The useful thing about decorators, is that you can also do some advanced things such as run functions multiple times to get the averages as well. So with the decorator, we can make the call to the core function number of times and return the average speed since it may vary:

#decorator.py
import math, functools
import time

def measure_runtime(number_of_times=1):
	def decorator_func(original_func):
		def wrapper_func(*args, **kwargs):
			execution_time = 0
			for execution in range(number_of_times):
				start = time.time() 
				return_value = original_func(*args, **kwargs)
				end = time.time() 
				print(f"Runtime for [{execution}] for {original_func}: {end-start}")
				execution_time = execution_time + (end-start)
			execution_time = execution_time / float(number_of_times)
			print(f"***Average runtime for {original_func}: {execution_time} ***\n\n")

		return wrapper_func
	return decorator_func
		
@measure_runtime(3)
def sqrt_by_loop( count ):
	total = 0;
	for i in range(count):
		total = total + math.sqrt(i)
	print(f"Running function sqrt_by_loop: {total}")
	return total

@measure_runtime(3)
def sqrt_by_reduce( count ):	
	total = functools.reduce( lambda running_sum, next_item: running_sum + math.sqrt(next_item), range(count) )
	print(f"Running function sqrt_by_reduce: {total}")
	return total

sqrt_by_loop( 9145000) 
sqrt_by_reduce( 9145000) 

See how the decorator @measure_runtime was called with a parameter of ‘3’ which was to make the call to that function 3 times to get the average runtime.

The Concept Behind Decorators

So the above should explain the power of decorators.
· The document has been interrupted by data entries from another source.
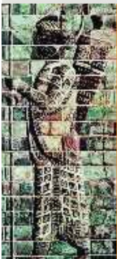
1. Στρατιώτης - τοξότης της φρουράς του Δαρείου

Οι ελληνικές πόλεις της Μ. Ασίας δεν είχαν κάνει δικό τους κράτος. Διαιρεμένες όπως ήταν έχασαν την ελευθερία τους και, προπάντων, δεν μπορούσαν να εμπορευτούν ελεύθερα με άλλες πόλεις του Εύξεινου πόντου. Όταν μάλιστα οι Πέρσες έκαναν εκστρατεία στη Θράκη, ανά-
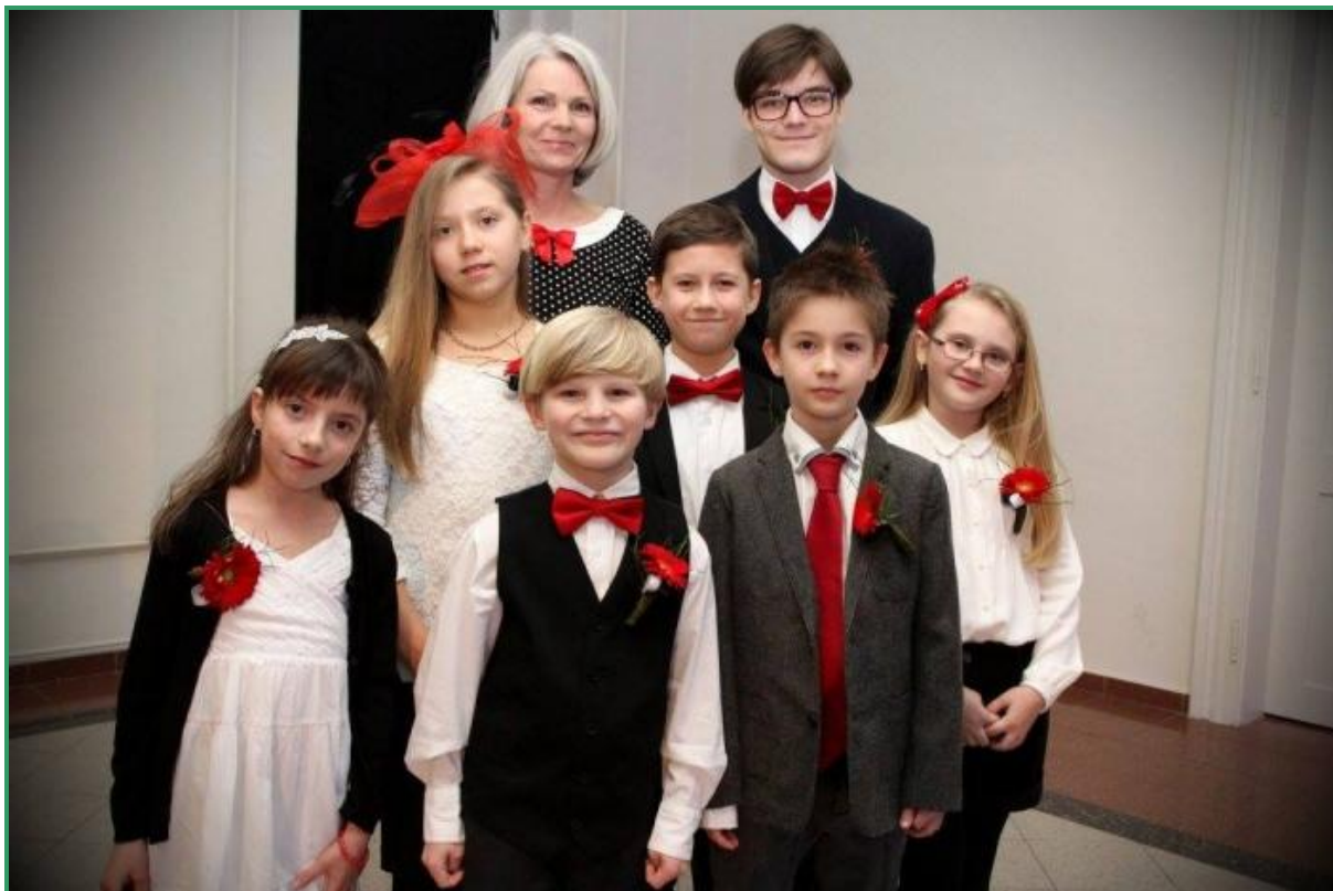
Foto: Dětská porota hodnotící audiovizuální díla pro děti a mládež na festivalu Trilobit Beroun

Z práce dětské poroty vznikl filmový dokument a rovněž slavnostní večer v kulturním domě Plzeňka byl přenášán v přímém přenosu Českou televizí, večer moderoval Jan Kraus.
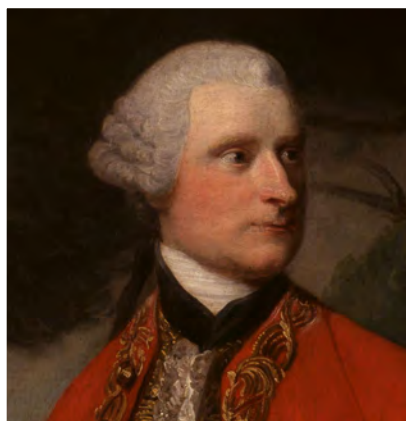
Le gouverneur James Murray
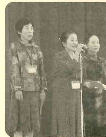
辻の皆さん「歌謡吟」
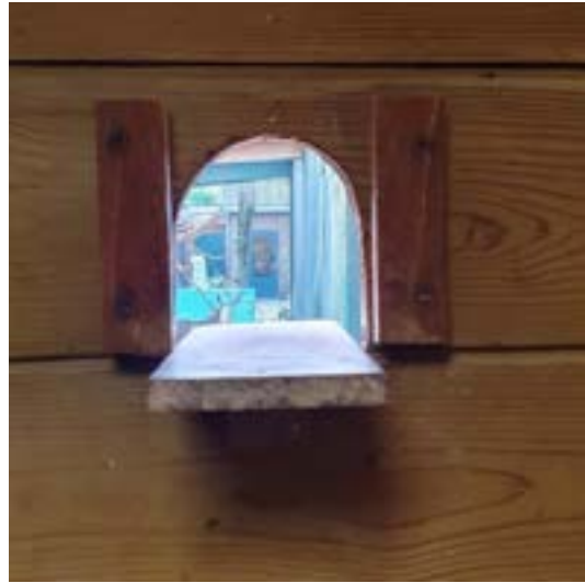
Doorkijk vanuit het binnenverblijf naar het erf.

Een vrijwilliger schreef onderstaande sfeerimpressie, die treffend laat zien hoe een gewone werkdag op de boerderij voelt:

So how does it actually work? Well it’s a combination of a few interesting features in python:

  • Functions are First-Class Objects: this means you can assign functions to variables, pass them as arguments, and return them as values from other functions.
  • Scope / Closure: this specifically refers to how a nested function that has access to variable(s) from its enclosing function.
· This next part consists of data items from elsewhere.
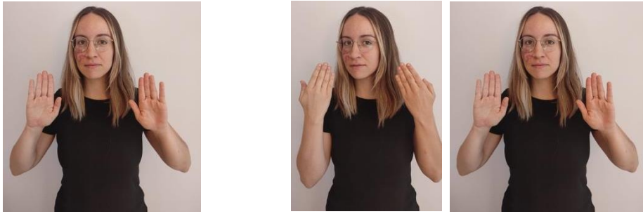
Figura 1. Signos PERO y AUNQUE respectivamente.
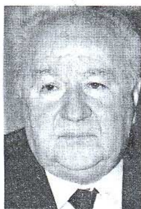
Ο κ. ΒΑΣΙΛΗΣ Παπαζάχος

Ο σεισμολόγος ερευνητής του Γεωδυναμικού Ινστιτούτου Αθηνών κ. Γεράσιμος Χουλιάρης επισημαίνει ότι η εκτόνωση της συσσωρευμένης ενέργειας είναι αναπόφευκτη, μόνο που θεωρεί ότι εγκλωβισμένη ενέργεια υπάρχει σε όλο το ελληνικό τόξο. «Οι πρόσφατοι σεισμοί στην Κεφαλλονιά και στην Απωλοακαρνανία έρχονται σε συνέχεια του ντόπιου σεισμών κατά μήκος του ελληνικού τόξου, τον τελευταίο χρόνο», δηλώνει ο κ. Χουλιάρης που δεν στέκεται μόνο στην επικινδυνότητα που παρουσιάζει η ΚΔ Ελλάδα λόγω των πρόσφατων δονήσεων αλλά τοποθετεί έναν ισχυρό σεισμό κατά μήκος όλου του ελληνικού τόξου λόγω των εξάρσεων που σημειώνονται το τελευταίο έτος. «Πέριστοι στις 8 Ιανουαρίου είχα-
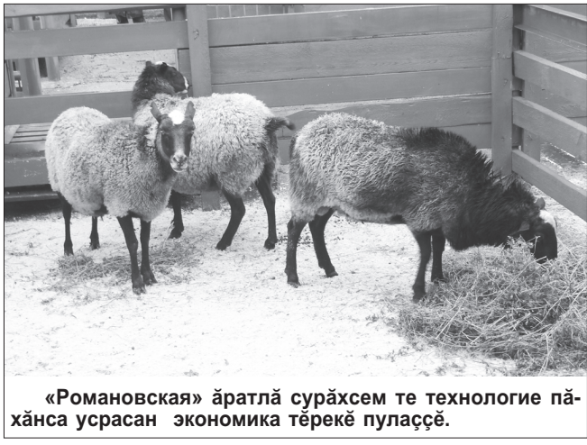
«Романовская» а́ратла́ сура́хсем те технологи́е па́хна́са усрасан экономика́ тёрекё пула́счёс.

It’s these two things that make it possible to have decorators. This is a diagram that shows what happens conceptually. The actual call to the original function is circumvented to call the decorator which encapsulates the call to the original call with some additional functionality. That’s where the magic lies

How Function References Work

The above example for the performance measurement showed you how to call and crate a decorator, but let’s spend some time going through that in more detail so you can understand what is happening and decorators are even possible.

Here’s a simple example to a function call:

message = 'Hello world'
def main_func():
  print(message)
   
main_func()   
Output:
Hello World

The output will obviously show: ‘Hello world’. The reason is that the ‘main_func’ can see the variable ‘message’.
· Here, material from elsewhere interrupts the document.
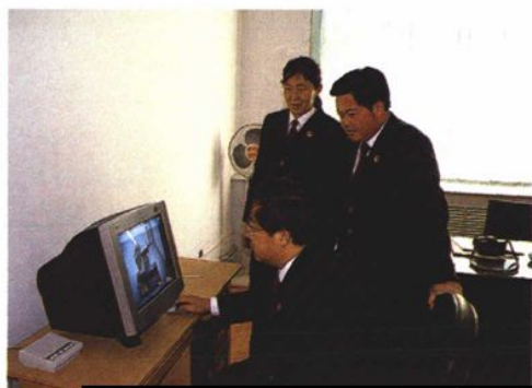
运用技术手段收集固定证据
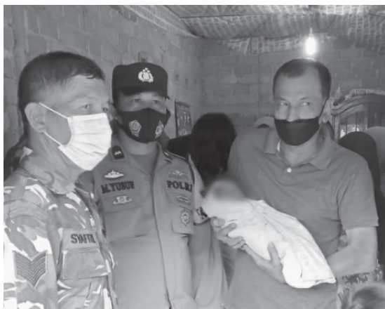
BAYI— Warga Kampung Rawa Gemulau, Nagari Simpang Lama Inderapura, Kecamatan Pancung Soal, Kabupaten Pesisir Selatan dikejutkan dengan penemuan seorang bayi perempuan dengan posisi terlentang diteras rumah tanpa pakaian, Minggu (9/1) sekitar pukul 04.00 WIB dini hari.

That’s easy enough. Now consider this example:

message = 'Hello world'
def main_func():
	print(message)
 
temp  = main_func
print("Temp:" + str(temp))
temp()   
Output:
Temp:<function main_func at 0x7f3d429551f0>
Hello World

What you see above is that the “main_func” is just a variable like any other variable (in fact, it’s an object), and that it has an address for the actual function. You can also assign it to other variables and call it.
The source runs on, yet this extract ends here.